To perform the routine:

  • Atop a yoga mat, lay face-down.
  • Extend your arms and legs from your body, with your arms thrown in front of your head.
  • Use your back muscles to raise your shoulders, arms, and legs from the ground.
  • Hold this arch position for about 10 seconds and lower your body down to the ground again.
  • Repeat as necessary.

You can find out more about stretching and strengthening exercises here.

Preventing pain on your Latissimus Dorsi

According to Healthline, you can prevent latissimus dorsi pain by observing a few easy measures.
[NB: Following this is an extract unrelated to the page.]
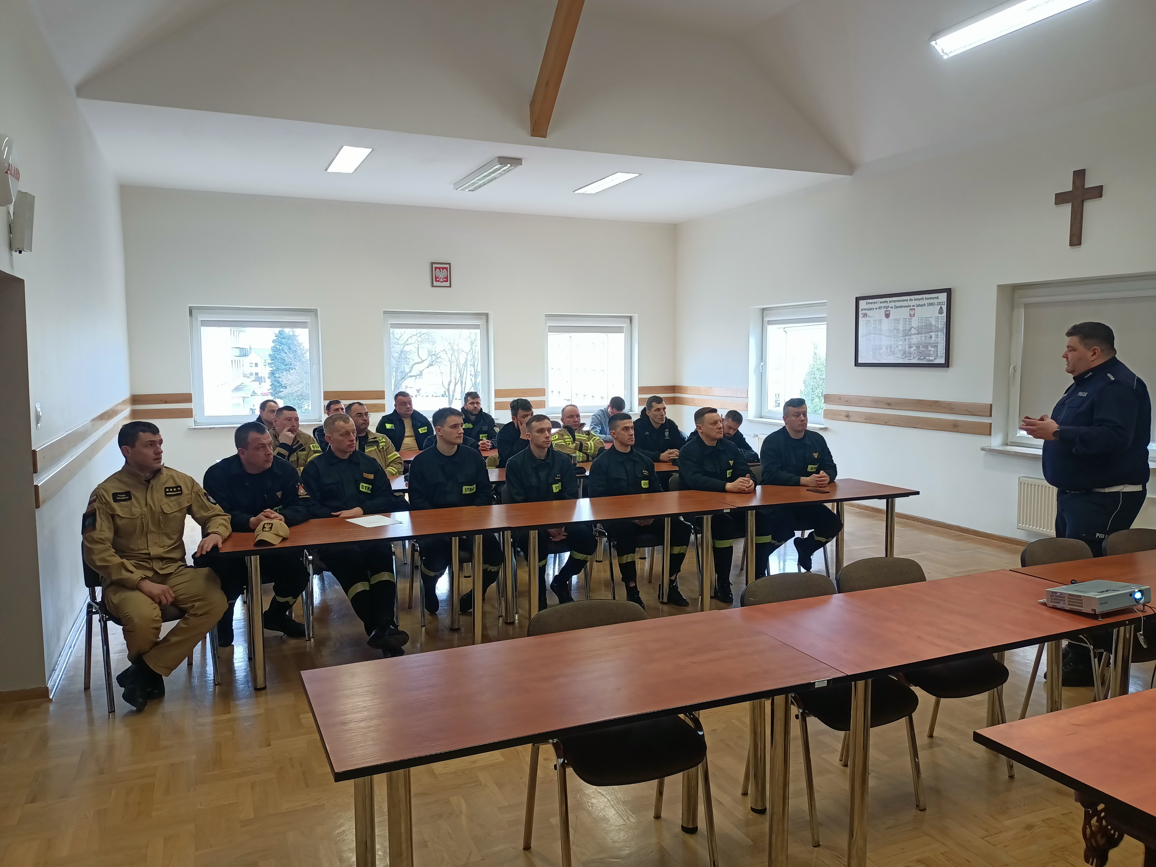 W dniach 22-24 marca 2025 roku w Komendzie Powiatowej PSP w Zambrowie odbyło się szkolenie z zakresu bezpiecznego poruszania się pojazdami uprzywilejowanymi w trakcie dojazdu do zdarzenia oraz szkolenie z zagrożeń związanych z prądem elektrycznym podczas prowadzenia działań ratowniczych. Pierwsze szkolenie odbyło się w formie wykładu oraz pogadanki przeprowadzonej przez funkcjonariuszy Wydziału Ruchu Drogowego Komendy Powiatowej Policji w Zambrowie. Szkolenie dot. zagrożeń związanych z prądem elektrycznym zostało przeprowadzone w formie wykładu na świetlicy KP PSP w Zambrowie przez kierownika Posterunku Energetycznego PGE w Zambrowie Pana Daniela Hankowskiego. Druga część szkolenia polegała na zapoznaniu z instalacją energetyczną znajdującą się na terenie Posterunku.
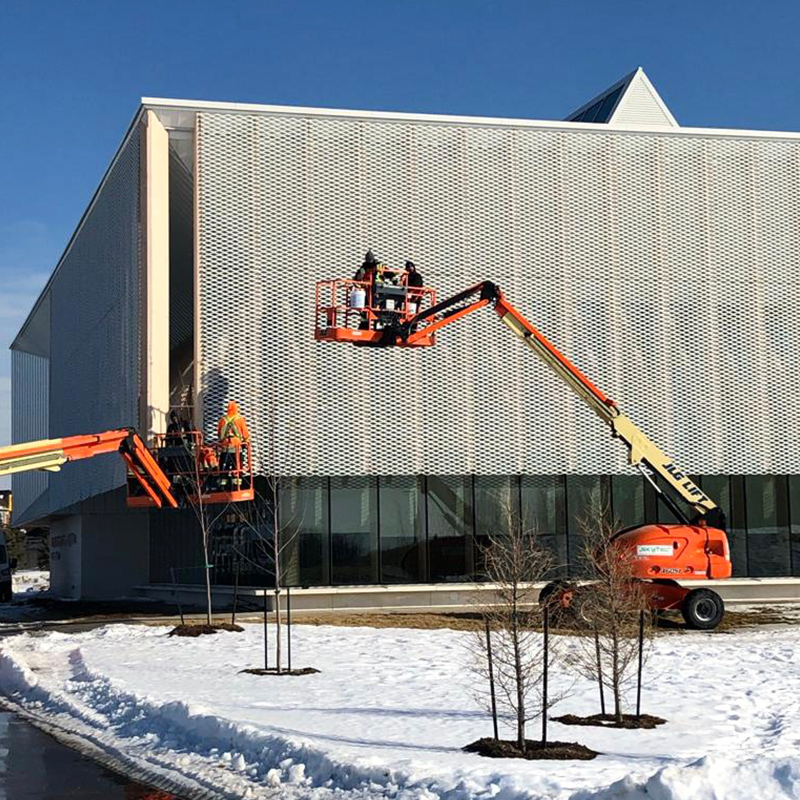 鋼板網幕墻一般采用3mm-5mm厚的鋁板制作,輕巧堅固。 具有陽極氧化或 PVDF 涂層飾面的鋼板網不僅具有迷人的外觀,而且具有出色的耐候性和較長的使用壽命。 因此,它在建筑師和設計師中越來越受歡迎

These apply to you even more if you’re an athlete or carry out regular exercise.

They include:

  • Drink lots of water before and after you exercise throughout the day.
  • Place a heating pad on the affected area for a while before you start working out.
  • Avoid slouching and practice good sitting postures at home or work.
  • Get occasional massages to loosen any signs of tightness in your shoulder and back muscles.
  • Do warm-ups and stretches right before you dive into your exercise or sport.
  • Perform cool-downs after your exercises.
  • Avoid overusing your lats muscles.


In a nutshell, there is no cause for panic if you get diagnosed with latissimus dorsi pain.

Just ensure that you have plenty of rest and follow any programs prescribed by your doctor. The muscles will recover over time and you can get back to leading a normal life once more.